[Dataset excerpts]
※ ※ ※
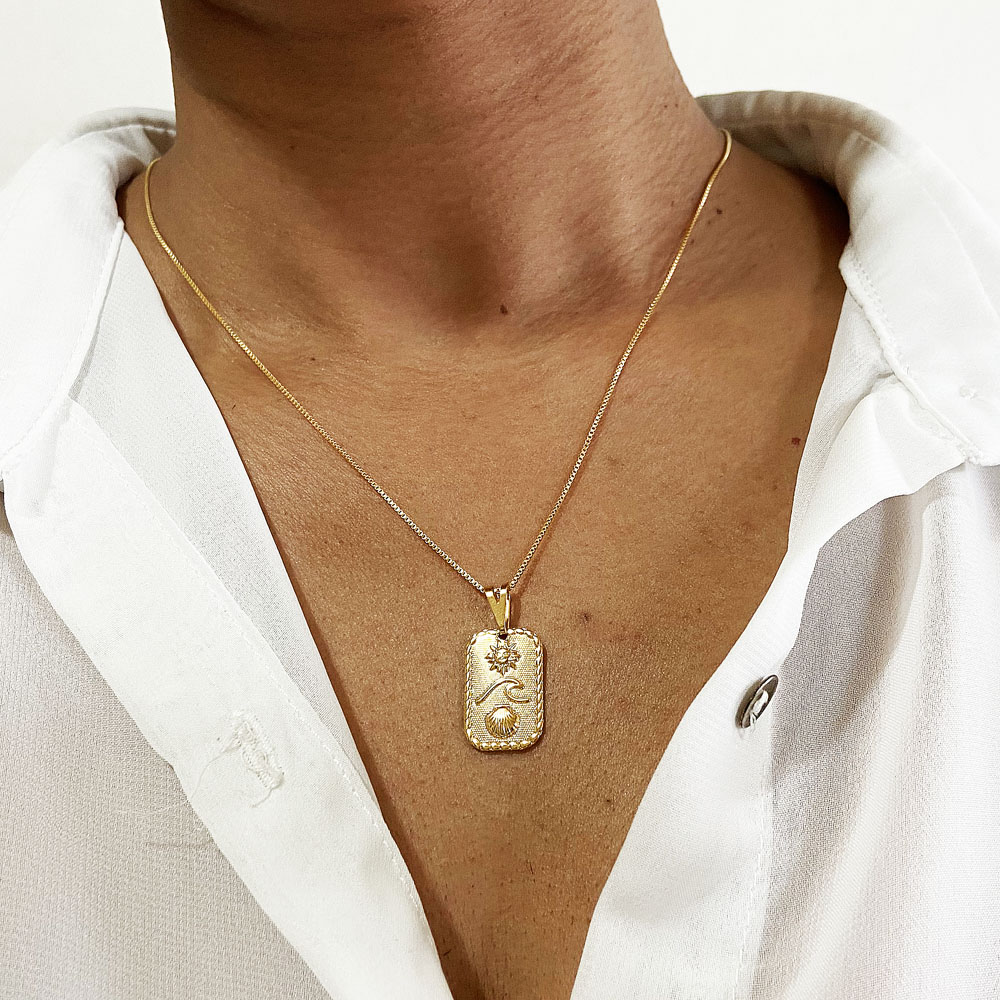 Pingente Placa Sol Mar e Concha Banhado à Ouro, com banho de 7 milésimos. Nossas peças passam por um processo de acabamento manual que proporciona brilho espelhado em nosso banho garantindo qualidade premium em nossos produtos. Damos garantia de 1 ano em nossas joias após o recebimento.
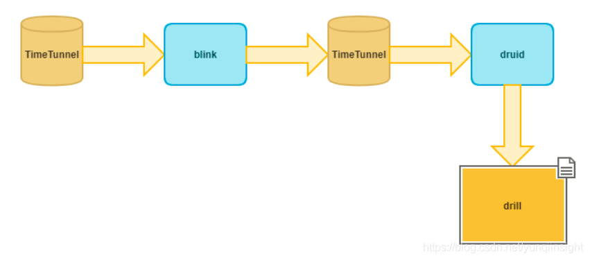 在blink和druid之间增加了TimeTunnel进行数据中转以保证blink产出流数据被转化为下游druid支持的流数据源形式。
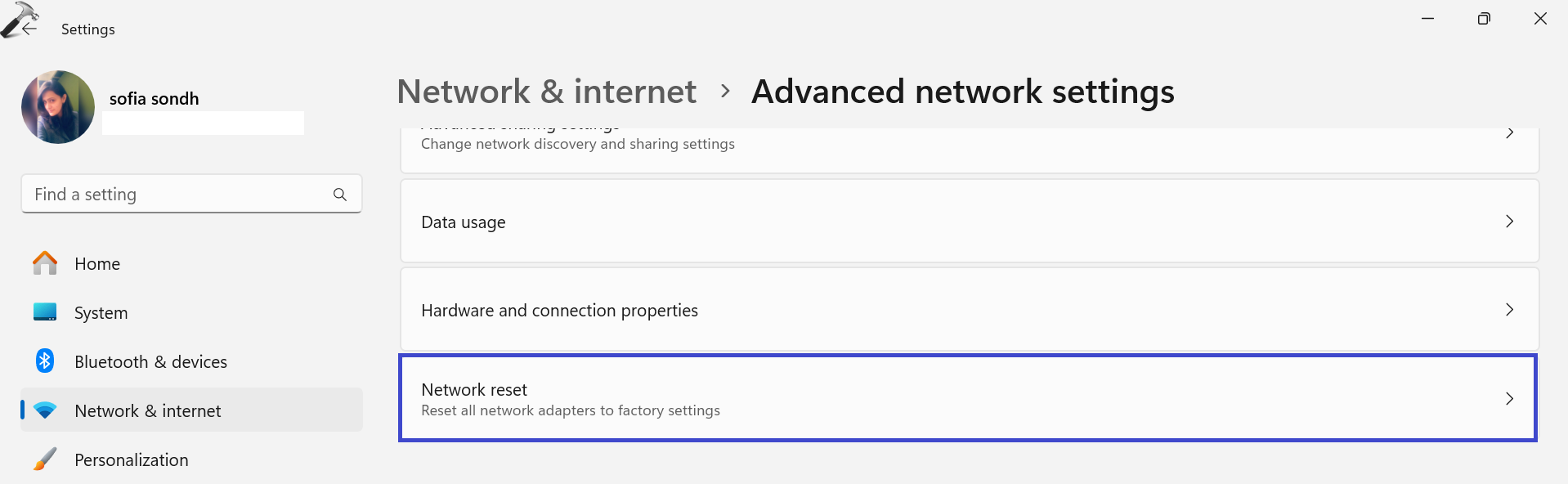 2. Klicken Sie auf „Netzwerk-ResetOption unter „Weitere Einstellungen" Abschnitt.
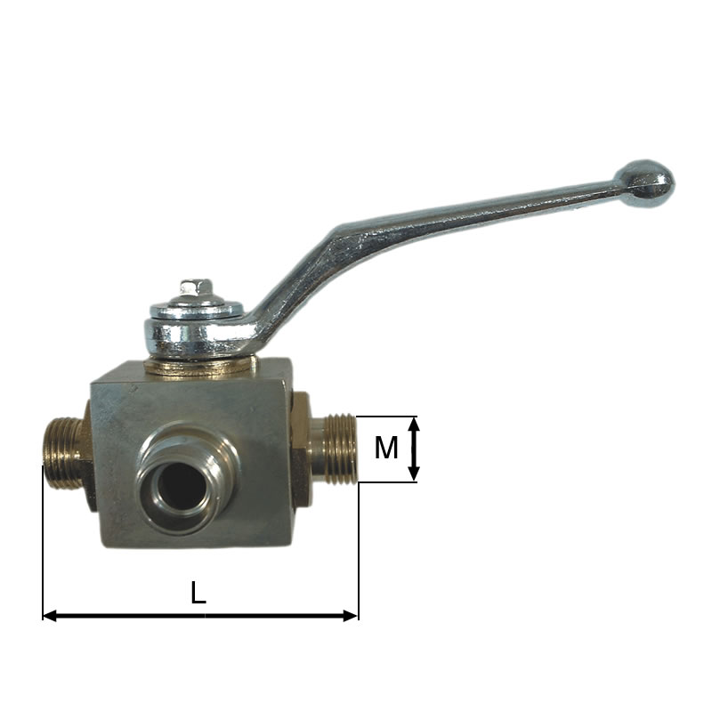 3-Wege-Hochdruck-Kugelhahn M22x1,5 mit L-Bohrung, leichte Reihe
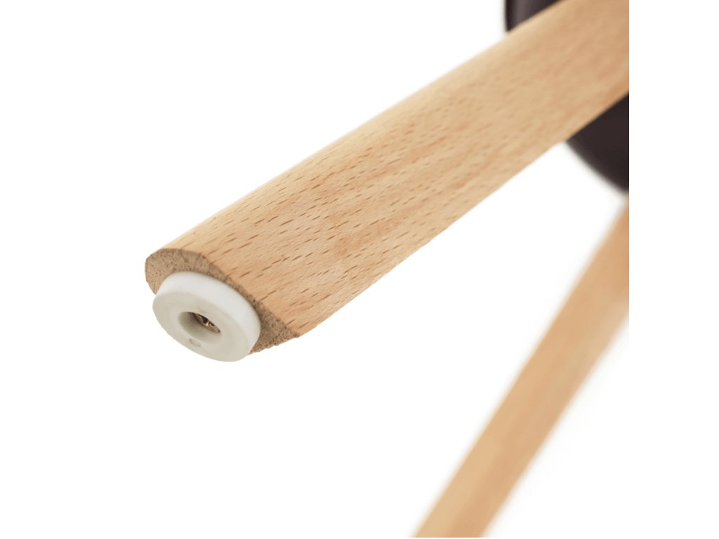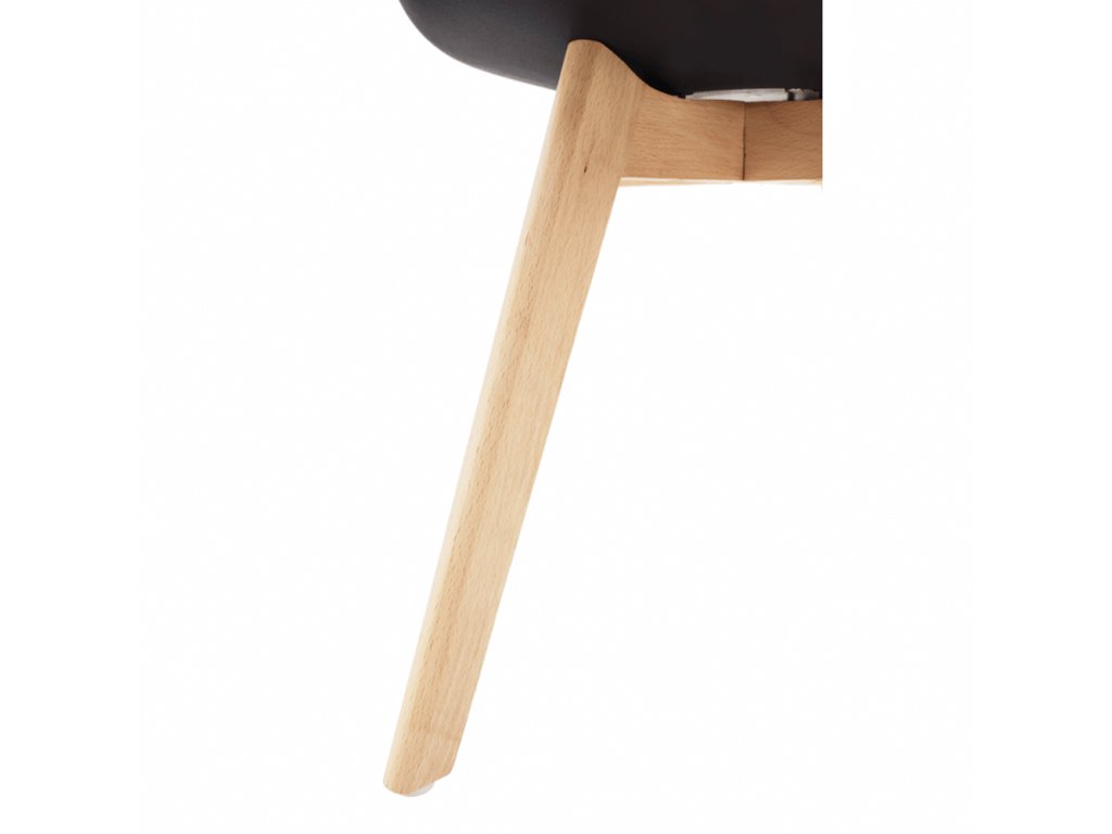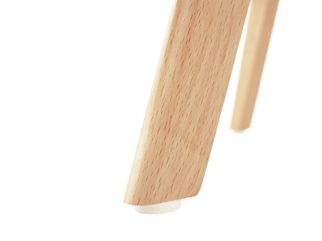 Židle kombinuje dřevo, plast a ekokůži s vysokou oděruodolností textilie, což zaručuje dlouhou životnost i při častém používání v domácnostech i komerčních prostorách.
※ ※ ※
EXERCISE BRIEF.
Reproduce verbatim, and only, the lines starting at the one that contains "2. Klicken Sie" and ending with the final line of the records; leave out the pictures.

TASK RESPONSE.
 2. Klicken Sie auf „Netzwerk-ResetOption unter „Weitere Einstellungen" Abschnitt.
 3-Wege-Hochdruck-Kugelhahn M22x1,5 mit L-Bohrung, leichte Reihe
 Židle kombinuje dřevo, plast a ekokůži s vysokou oděruodolností textilie, což zaručuje dlouhou životnost i při častém používání v domácnostech i komerčních prostorách.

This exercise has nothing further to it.